Having a good night’s sleep is essential for your physical and mental health. It’s also just as important as regular exercise and a healthy balanced diet. When you have a poor sleep routine or a bad night’s sleep, it has negative effects on hormones, performance, and brain function. If you persist to have bad nights’ sleep, it could result in you gaining weight due to eating for energy and increase the risk of certain diseases. If you have enough sleep, you won’t eat too much, you will be healthier and you will certainly have better performance. In this article, we will go through some proven tips for a better night’s sleep.
Increase your exposure to bright light throughout the day
Your body naturally has a clock which is commonly known as your circadian rhythm. This rhythm tells you when to wake up and also when you should go to sleep as it affects your hormones, body, and brain all at the same time.

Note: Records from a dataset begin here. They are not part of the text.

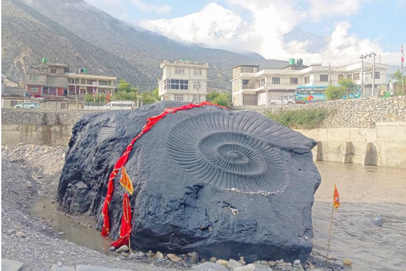
विराट शालिग्राम : मुस्ताङको सदरमुकाम जोमसोम बजार नजिकै कालिगण्डकी नदीको काखमा सुतेको विराट शालिग्राम । विश्वकै सबैभन्दा ठूलो शालिग्राम भएको दाबी गरिएको यो अदभूत शिलाले श्रद्धा, इतिहास र प्रकृतिको संगमलाई एकै स्वरमा गाइरहेको आभास हुन्छ ।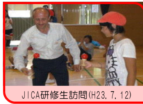
JICA研修生訪問(H23. 7. 12)

村君地区は自然が豊かで、住民は地域を愛する心情が強く、学校教育に対しても関心が高く協力的である。しかし、少子化による児童数の減少、地域の後継者不足等が課題となっており、地域の活性化が急務である。そこで、地域指定として本事業を実施することにより、子どもたち及び保護者、地域住民が英語に慣れ親しむ機会の充実を図り、地域全体で国際理解について関心を高めるとともに、地域全体を「元気」にして活性化を図る。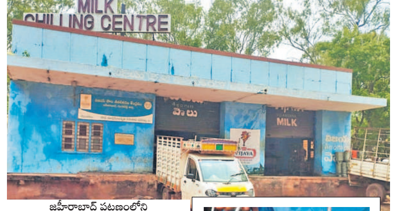
జూబిలాబాద్ పట్టణంలోని విజయ డెయిరీ పాలసేకరణ కేంద్రం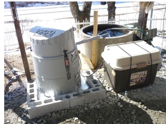
自動採水装置の設置例（川内村）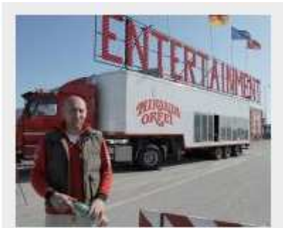
Uno dei camion del Circo Orfei a Forlì

Forlì, 8 aprile 2010 - Disavventura per il Circo Orfei (programmati spettacoli dal 9 al 19 aprile) ieri in via Montaspro, al Ronco, dove doveva montare le tende. Arrivato il camion con l'elefantessa («L'elefante più grande d'Europa!» come si legge nel volantino pubblicitario), il terreno — fangoso — ha ceduto facendo sprofondare l'autoarticolato.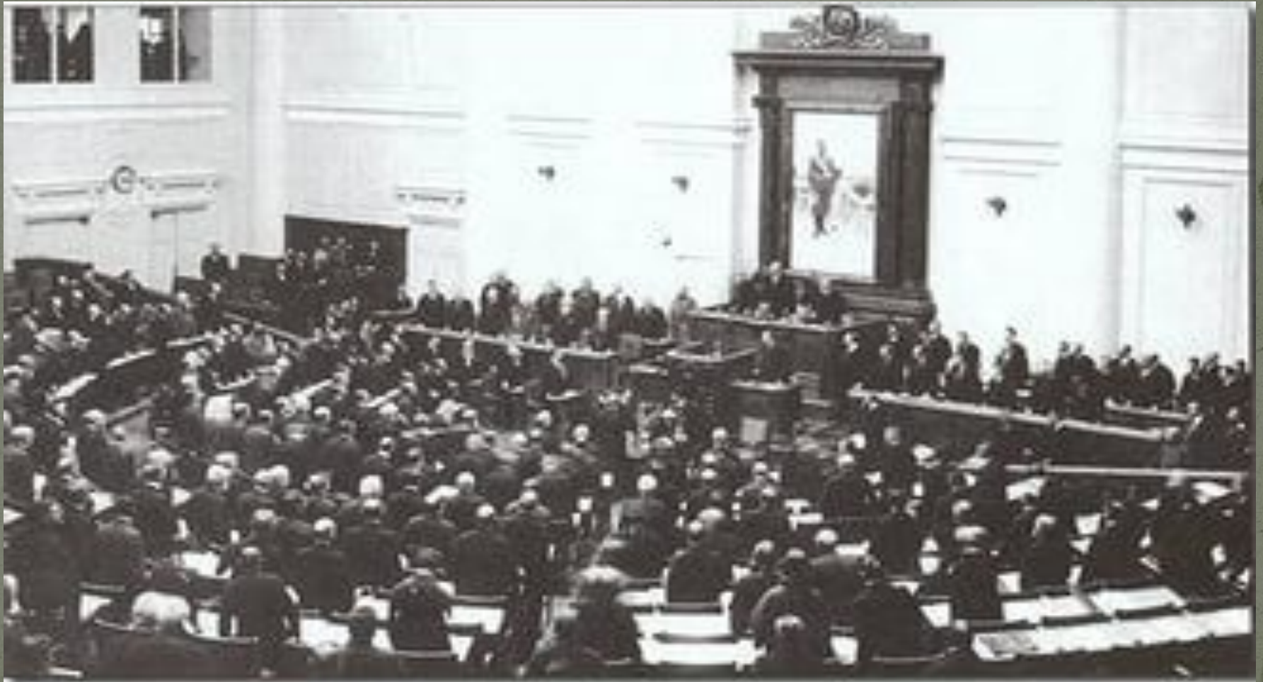
Заседание 3-й Государственной Думы в Таврическом дворце.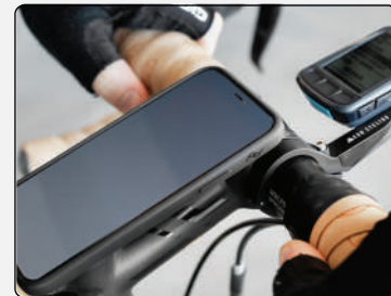
Reverse | Portrait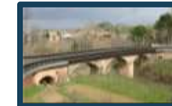
Adeguamento Ponte SP64 Km 7+700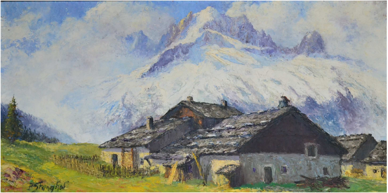
Vue de l'aiguille verte et de l'aiguille du Dru depuis le col du Montet (P. Stenghel)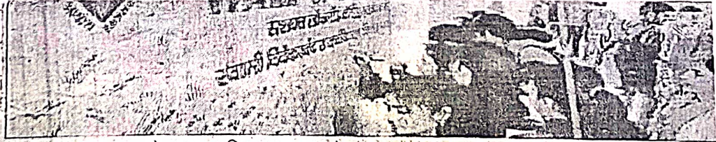
घुमारवीं ; मतदान के शत-प्रतिशत लक्ष्य को प्राप्त करने के उद्देश्य से स्वामी विवेकानंद राजकीय घुमारवीं में आयोजित हस्ताक्षर अभियान में भाग लेते विद्यार्थी।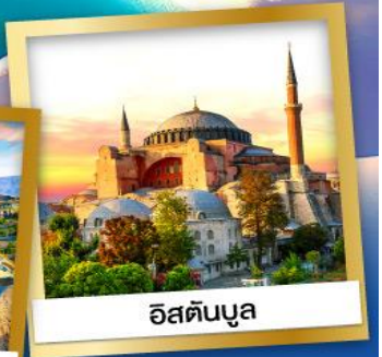
อิสตันบูล

Natural sunlight is one way that helps your circadian rhythm to stay healthy, and through the winter, this may be harder to get, so having exposure to bright light can also help with this. Having enough light throughout the day improves your daily energy levels and improves your sleep quality at night.
Reduce your blue light exposure in the evening
Blue light is well known to keep your eyes engaged. Light during the day is great for helping your circadian rhythm, but when you have too much light in the evening this can keep you up as it tricks the brain into thinking that it is still daytime. Melatonin is the hormone in the body that helps you to relax and feel sleepy, when you are submitted to blue light, it reduces this hormone and keeps you feeling awake for longer.
This means that your mobiles, televisions and other screen devices help to keep you awake. Some options to help this is wearing blue light-blocking glasses, downloading apps to remove blue light from your screens and turning off your devices and reducing the brightness of the light 2 hours before you go to bed.
Don’t consume caffeine after 4 o clock
Most adults consume caffeine as it has many health benefits. It increases your performance, energy and focus. If you have too much or have it later in the afternoon, this can have negative effects on your sleep routine as it helps to stimulate your nervous system.
If you have caffeine 6 hours before you go to sleep, you are more likely to have a restless night’s sleep, but it can actually stay in your body for over 8 hours, so it is inadvisable to have any caffeine before you go to bed. If you need coffee, have decaffeinated as this has no caffeine in it.
Aim to go to bed and wake up at consistent times
The circadian rhythm aligns itself with the sunrise and sunset, so being consistent with your sleep and wake times can help you to have a restful sleep and helps to keep this up. There have been many studies that show that people who have irregular sleep patterns and go to bed late on the weekends are far more likely to have poor sleep.
It is also known that if you have an irregular sleep pattern, it can alter your circadian rhythm which in turn makes you less tired when you go to bed, but also makes you much more tired when you wake up as you are more likely to wake up in the middle of your sleep cycle. By doing this for over three months, you will find that your body clock will wake you up naturally.
Optimise your bedroom environment
Your bedroom environment will play a big part in getting you to sleep. Factors to remedy include temperature, noise furniture arrangement and external lights. You should never go to bed in a warm or hot room, as this keeps your body awake. You should always go to bed in a “room temperature” or cool room as this allows your body to cool naturally.
External noises keep your ears engaged which in turn keeps you up. If you have a light room from external lighting, blackout curtains can significantly reduce the light and help you to have a better night’s sleep. Ensure your room is for sleeping and not for TV. Basically, you should make your bedroom a relaxing haven where you go to sleep and can relax.
Don’t eat late in the evening
Human growth hormones (HGH) help children grow and also help adults to maintain tissue and organise throughout life. When you eat late at night, it affects your sleep quality and the release of HGH and melatonin.
Carbohydrates are what give you body energy, but if you have a high-carb diet 4 hours before you go to sleep, there have been studies to show that you can fall asleep faster, but if you have a low-carb meal, this can improve the quality of sleep. This shows that some foods are good for you to go to sleep, but heavy meals may not be as good for your sleep.
There are many tried and tested methods in having a better night’s sleep, but by following these tips you will be well on your way to having a much better sleep.